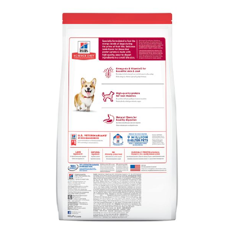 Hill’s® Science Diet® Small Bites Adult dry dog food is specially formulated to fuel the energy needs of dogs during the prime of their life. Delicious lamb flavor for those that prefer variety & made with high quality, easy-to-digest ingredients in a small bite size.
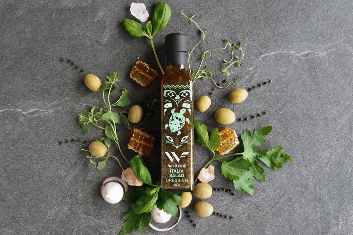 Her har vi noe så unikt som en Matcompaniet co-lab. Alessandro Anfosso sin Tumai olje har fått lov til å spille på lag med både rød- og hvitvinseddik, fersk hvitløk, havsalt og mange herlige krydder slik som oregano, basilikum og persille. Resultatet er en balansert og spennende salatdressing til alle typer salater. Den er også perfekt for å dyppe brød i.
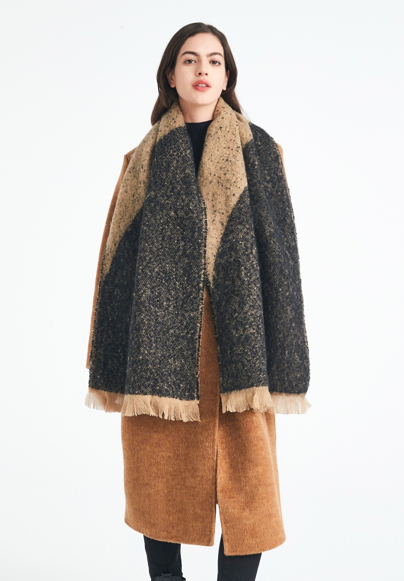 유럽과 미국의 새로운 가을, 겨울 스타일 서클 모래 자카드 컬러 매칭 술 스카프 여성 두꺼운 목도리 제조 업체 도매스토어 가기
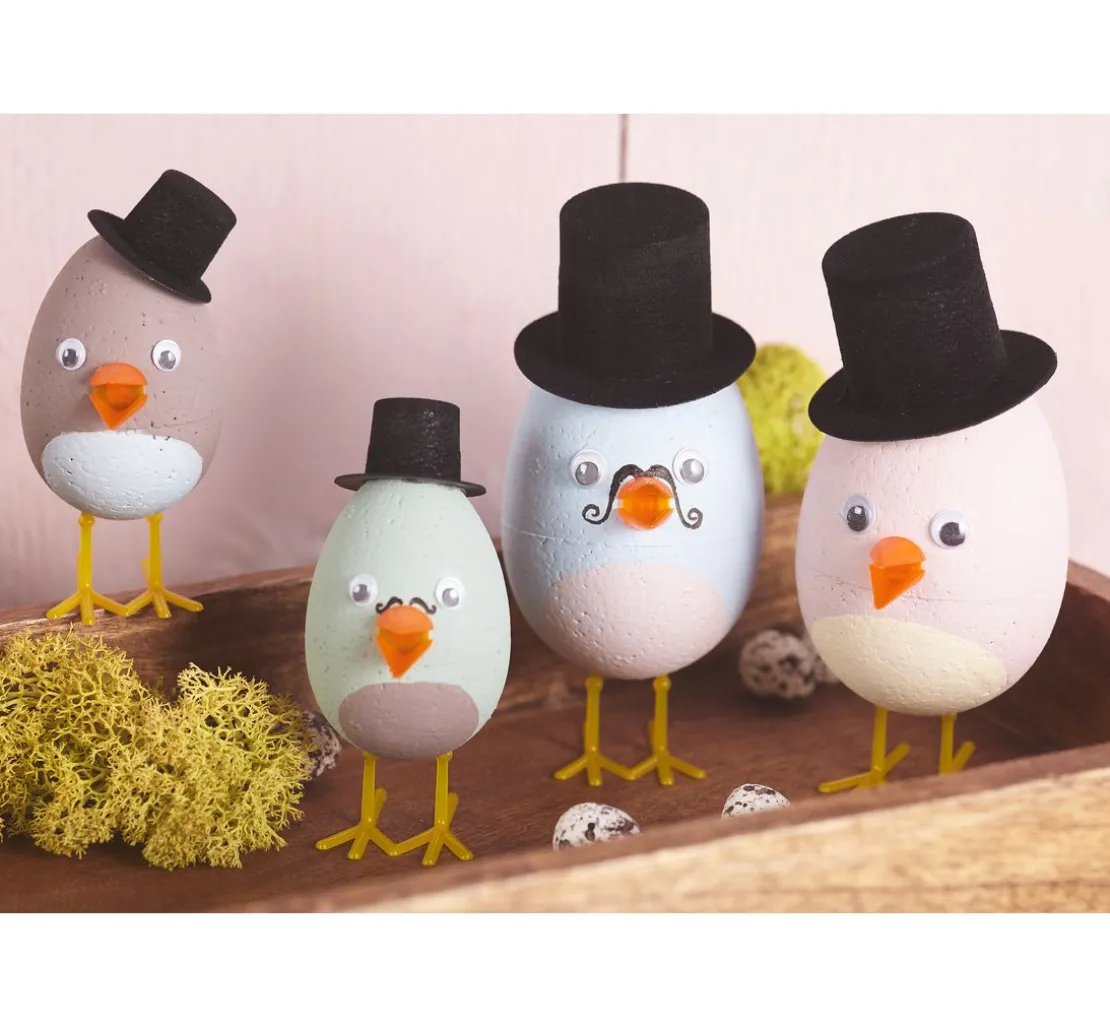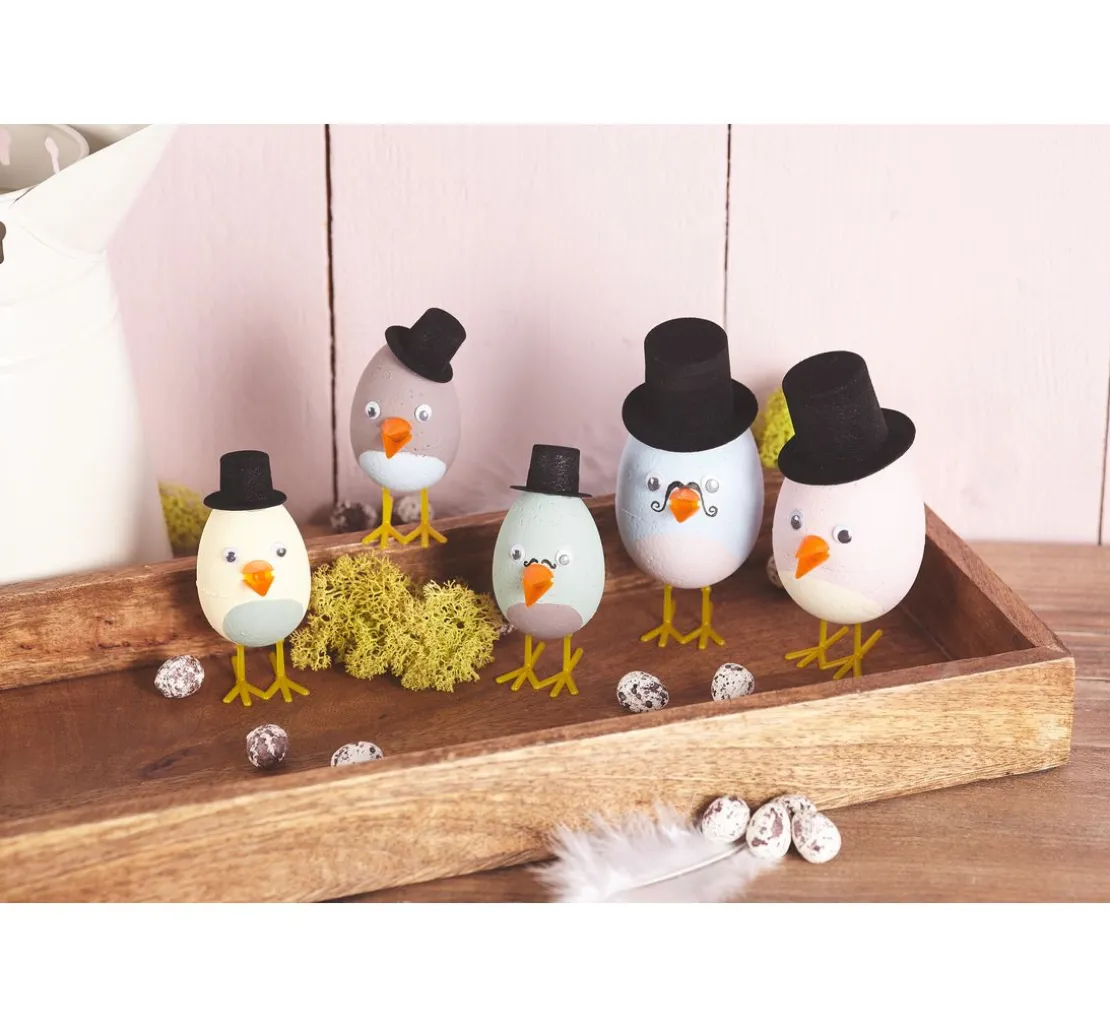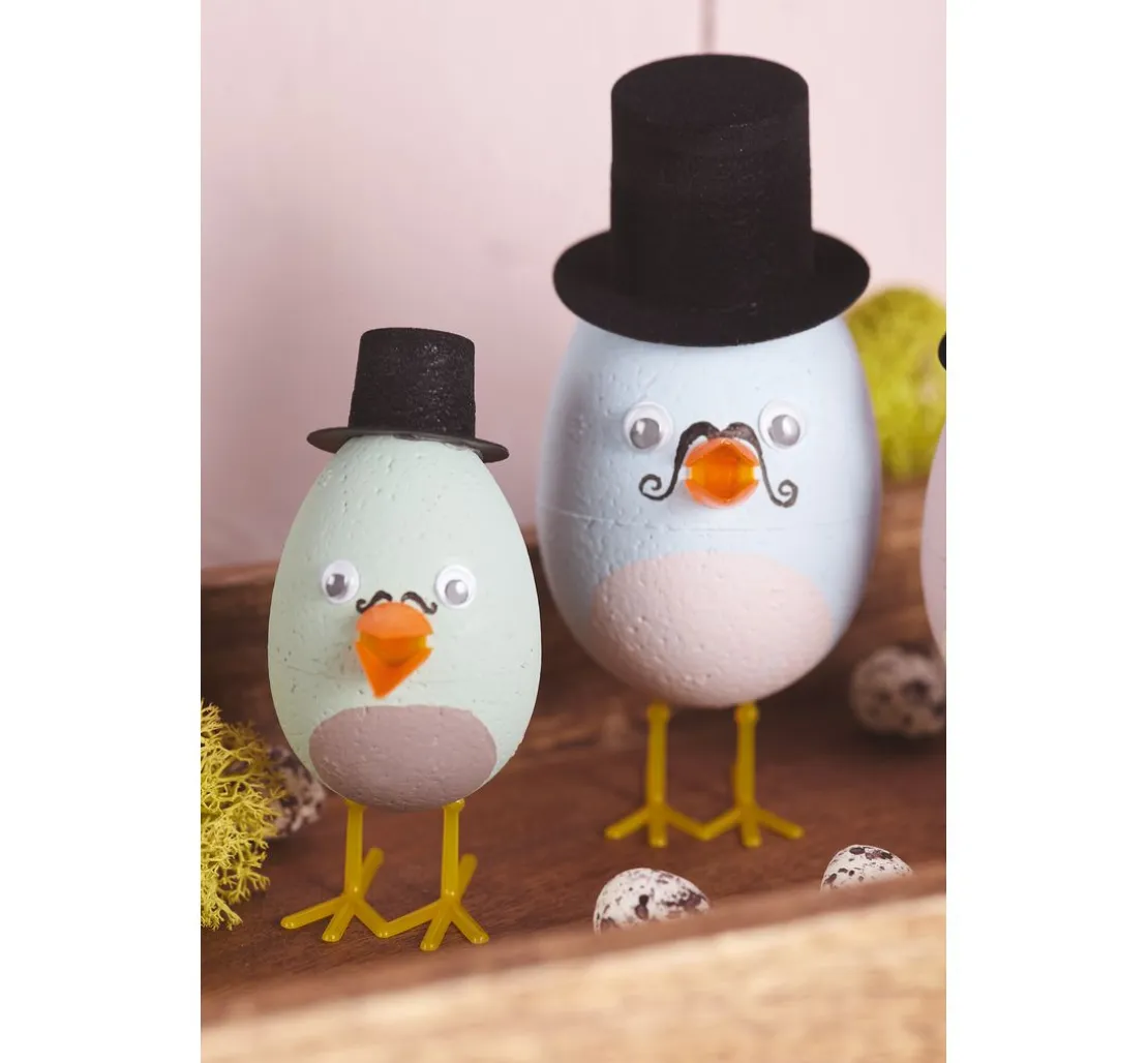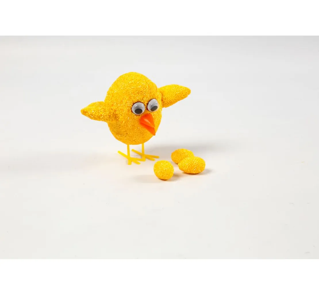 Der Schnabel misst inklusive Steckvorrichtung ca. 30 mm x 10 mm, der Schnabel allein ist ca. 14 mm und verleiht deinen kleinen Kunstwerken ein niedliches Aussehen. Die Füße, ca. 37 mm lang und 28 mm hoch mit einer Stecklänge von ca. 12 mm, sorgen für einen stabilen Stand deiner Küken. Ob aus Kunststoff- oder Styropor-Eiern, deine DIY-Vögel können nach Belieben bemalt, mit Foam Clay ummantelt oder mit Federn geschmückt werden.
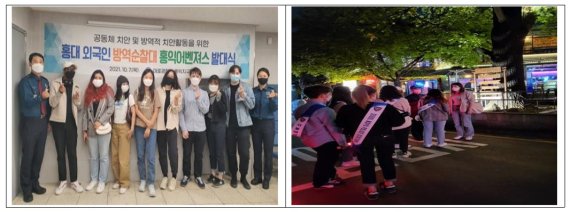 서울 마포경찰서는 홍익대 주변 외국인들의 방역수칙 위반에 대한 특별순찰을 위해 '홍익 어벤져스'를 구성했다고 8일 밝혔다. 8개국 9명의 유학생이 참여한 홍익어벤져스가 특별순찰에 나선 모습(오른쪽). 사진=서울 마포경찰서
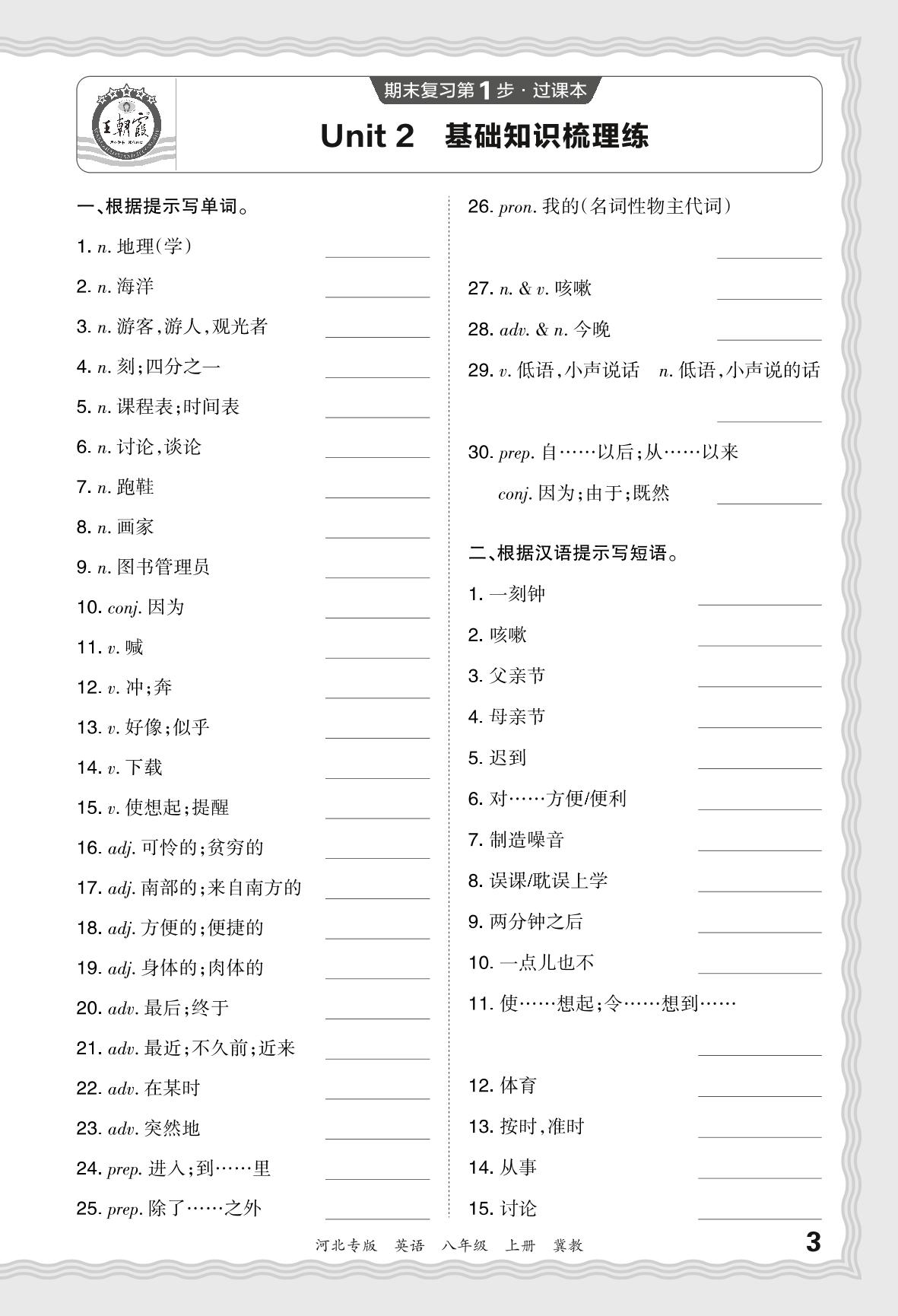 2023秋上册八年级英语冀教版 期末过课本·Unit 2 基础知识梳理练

→ **TASK BRIEF**: Output the lines of the data exactly, starting at the first and ending with the line that has "유럽과 미국의 새로운". Pictures are not part of it.

→ **RESPONSE**:
 Hill’s® Science Diet® Small Bites Adult dry dog food is specially formulated to fuel the energy needs of dogs during the prime of their life. Delicious lamb flavor for those that prefer variety & made with high quality, easy-to-digest ingredients in a small bite size.
 Her har vi noe så unikt som en Matcompaniet co-lab. Alessandro Anfosso sin Tumai olje har fått lov til å spille på lag med både rød- og hvitvinseddik, fersk hvitløk, havsalt og mange herlige krydder slik som oregano, basilikum og persille. Resultatet er en balansert og spennende salatdressing til alle typer salater. Den er også perfekt for å dyppe brød i.
 유럽과 미국의 새로운 가을, 겨울 스타일 서클 모래 자카드 컬러 매칭 술 스카프 여성 두꺼운 목도리 제조 업체 도매스토어 가기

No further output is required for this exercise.